Cabe comentar, primeiramente, que um dos grandes empecilhos para uma reestruturação do clube é a configuração política interna atual. Nesse sentido, muitas gestões se pautaram em um imediatismo irracional, no qual eram feitas contratações mal planejadas, recebidos indevidos e desvios monetários. Acerca disso, algo recorrente era o pedido de antecipação do pagamento das patrocinadoras, a fim de quitar dívidas e pagar salários atrasados. Contudo, com esse pagamento adiantado, gestões futuras se viam presas a cumprir contratos totalmente desvantajosos e pouco lucrativos. Como exemplo, é possível citar a antecipação das verbas por transmissão dos jogos pela televisão. Sob esse prisma, segundo dados do balanço, o mandato do então presidente Eurico Miranda comprometeu não só o primeiro ano do sucessor, mas os próximos quatro, o que extrapola, inclusive, o tempo de 3 anos do mandato de Alexandre Campello (2018-2020). Ainda em 2017 com Eurico em vigor, 2019 já tinha 63,4% de suas cotas televisivas antecipadas. 2020, 32,4% e 2021, em 18,4%.
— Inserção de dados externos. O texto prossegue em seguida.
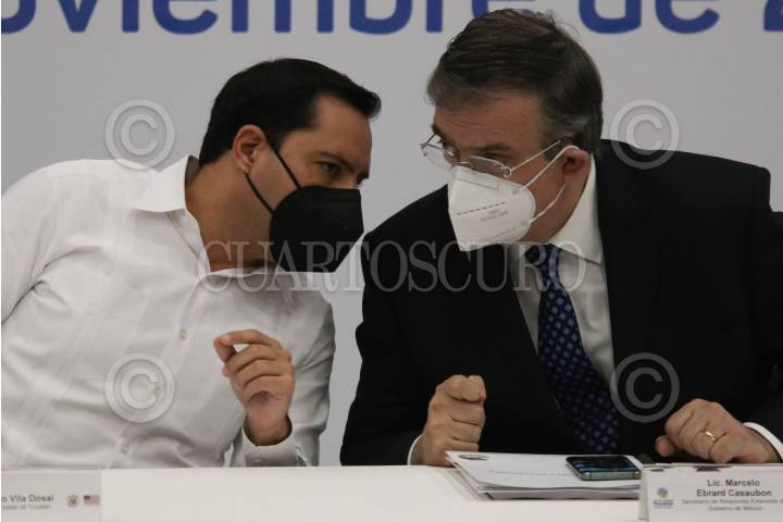 MÉRIDA, YUCATÁN, 30NOVIEMBRE2021.- En el Centro Internacional de Congresos de esta ciudad se llevó a cabo la clausura del "Segundo Encuentro de Gobernadores del Sureste y la Embajada de EUA" con la presentación de las Conclusiones Finales a cargo del Embajador de los Estados Unidos en México, Kenneth Lee Salazar, el Secretario de Relaciones Exteriores, Marcelo Ebrard Casaubon, el Gobernador de Yucatán, Mauricio Vila Dosal, la Gobernadora Layda Sansores de Campeche, y los Gobernadores Carlos Joaquín de Quintana Roo y Carlos Manuel Merino Campos de Tabasco. De igual manera se realizó la Firma de convenio entre el Gobierno del Estado de Yucatán y FedEx para el impulso a las MIPYMES yucatecas. FOTO: MARTÍN ZETINA/CUARTOSCURO.COM

Dessa forma, o Vasco não tem perspectiva de melhora, uma vez que os dirigentes têm pensado mais em suas perpetuações na gestão e do que no equilíbrio financeiro do clube, fazendo, assim, com que a instituição se afunde cada vez mais e mais em dívidas e anos seguidos de déficit.
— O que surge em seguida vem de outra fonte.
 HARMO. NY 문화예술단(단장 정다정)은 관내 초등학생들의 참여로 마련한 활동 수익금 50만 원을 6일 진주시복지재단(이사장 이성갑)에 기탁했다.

Assim, dado esse cenário de decadência financeira, vinham os salários atrasados e, consequentemente, o baixo desempenho da equipe nas competições, o que acarretou, em 2020, no quarto rebaixamento do clube em apenas 13 anos. Nesse sentido, nada foi feito para ampliar as receitas, pelo contrário, os faturamentos ficaram estagnados ou se reduziram. A respeito disso, segundo seus orçamentos e balancetes, o clube, em 2020, arrecadou apenas 191 milhões de reais e ficou com um déficit de mais de 64 milhões. Diante disso, o grande questionamento que fica é: como equacionar uma dívida de mais de 832 milhões, sendo uma instituição que arrecada por ano pouco menos de 200 milhões?
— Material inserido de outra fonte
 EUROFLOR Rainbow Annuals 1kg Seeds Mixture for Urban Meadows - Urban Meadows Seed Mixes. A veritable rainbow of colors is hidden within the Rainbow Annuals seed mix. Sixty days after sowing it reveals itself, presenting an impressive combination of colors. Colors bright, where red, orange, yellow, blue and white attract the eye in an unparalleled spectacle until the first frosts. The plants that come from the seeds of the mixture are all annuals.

Desse modo, com o aspecto financeiro dilacerado e o desempenho nos campos precário, o torcedor acaba diminuindo sua contribuição, e até uma das torcidas mais apaixonadas e engajadas acaba se vendo desolada e sem perspectiva de novos triunfos ao clube. Nesse panorama, devido a uma campanha em massa promovida pelos vascaínos, o Vasco teve uma alta de mais de 1000% no número de seus sócios torcedores no ano de 2018, chegando a figurar o topo do ranking no Brasil e o top 5 do mundo com pouco mais de 174 mil assinantes de algum dos planos. No entanto, o clube hoje se encontra em uma situação de grande queda nessas contribuições, totalizando apenas cerca de um terço do cenário anterior, com quase 60 mil sócios. Logo, apesar da grande possibilidade de faturamento do Vasco, haja vista o imenso número de torcedores, a instituição se vê completamente endividada por fruto de sua desorganização interna.


O apito final


Mesmo o esporte permitindo a imprevisibilidade nos gramados e possibilitando que existam empates e inúmeros critérios de desempate, um trabalho inteligente e uma gestão competente podem garantir não só jogos, mas campeonatos. Assim, clubes tradicionais mal geridos se afundam, enquanto clubes bem equilibrados financeiramente, mesmo com números tímidos de receita e menores alcances, surgem e incomodam os grandes. Portanto, pode-se dizer que o mercado do futebol e todo o negócio por trás do esporte estão muito conectados. A bola nem sempre entra, mas boas gerências, um planejamento inovador a longo prazo podem ser, sim, um golaço.


Glossário


1- Campo neutro: Campo de futebol onde nenhum dos dois times possui o mando, ou seja nenhum deles joga em casa.


2- Eixo: Região que concentra a maior quantidade de dinheiro do país.


3- Royalties: Valor cobrado pelo proprietário de uma patente de produto, processo de produção, marca, entre outros, ou pelo autor de uma obra, para permitir seu uso ou comercialização.


4- Brasileirão: Apelido que remete-se ao nome do campeonato brasileiro de futebol.